No one noticed the death of Cassiopeia A. But this star's supernova remnant, the youngest known in the Milky Way, has since become an icon of the success of the Chandra X-ray Observatory. Chandra produced its first images of Cassiopeia A in 1999, soon after its launch. Five years later, these images have become exquisite in their detail.

Credit: NASA/CXC/GSFC/U. HWANG ET AL.

From the size and rate of expansion of the remnant, it is estimated that the light from Cassiopeia A's supernova explosion reached Earth more than 300 years ago. Over the course of history, firm sightings of other supernovae have been made, noted by contemporary astronomers as ‘new stars’ in the sky. Cassiopeia A, it seems, might have been spotted only by John Flamsteed, Britain's first Astronomer Royal. In 1680, he recorded a star close to Cassiopeia A's position — but subsequent star catalogues have tended to regard this as an error. Anyway, an explosion date in the 1660s would fit with the observed expansion better.

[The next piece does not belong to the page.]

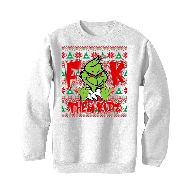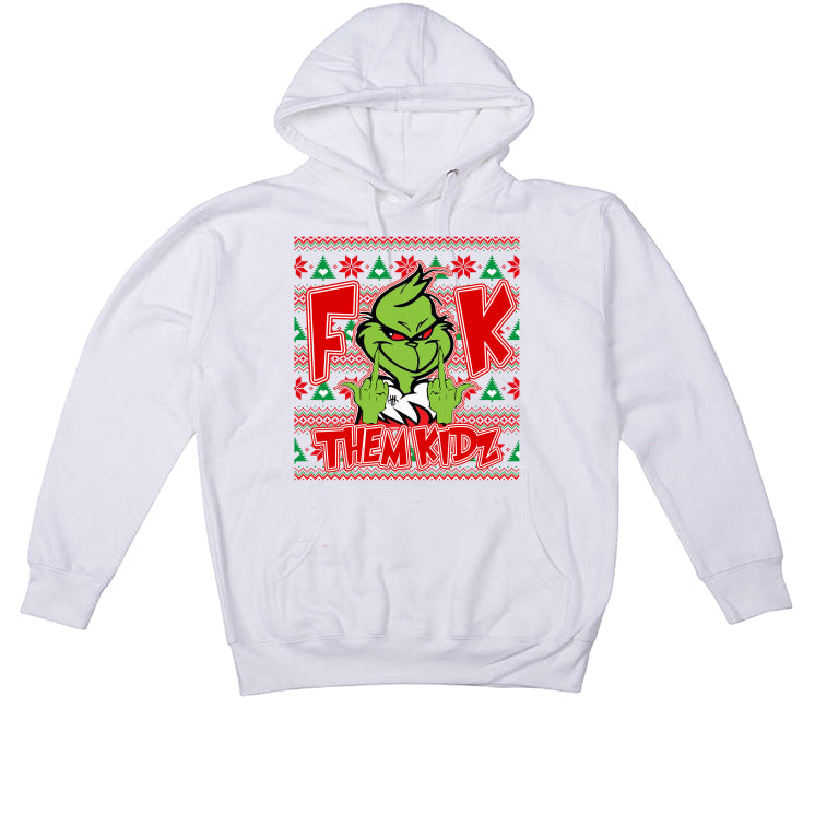 These tees, hoodies, and sweatshirts say "FK THEM KIDZ" with the Grinch giving the middle finger in a Santa outfit, against a Christmas-themed background.

In all likelihood, Cassiopeia A just wasn't very bright on the supernova scale of things. But at radio wavelengths, it is now the brightest object in the sky. And in the X-ray emission picked up by Chandra, details of Cassiopeia A's structure and composition are clear. The shock wave created by the supernova (the outer green ring in this picture) now spans a diameter of 10 light years; bipolar jets of mostly silicon atoms (one of which can be seen, in red, on the upper left) suggest that such a feature might be more common in supernovae than had been thought.

The tiny yellow speck at the centre of this 1-million-second exposure is a neutron star — an incredibly dense mass of collapsed stellar material formed from the supernova. Cassiopeia A's neutron star is strangely quiet: it is not firing out pulses of radiation as other neutron stars do. The Chandra team suspects that this star might have a particularly strong magnetic field, even qualifying as a ‘magnetar’ — a class of neutron stars with magnetic fields a thousand trillion times stronger than Earth's.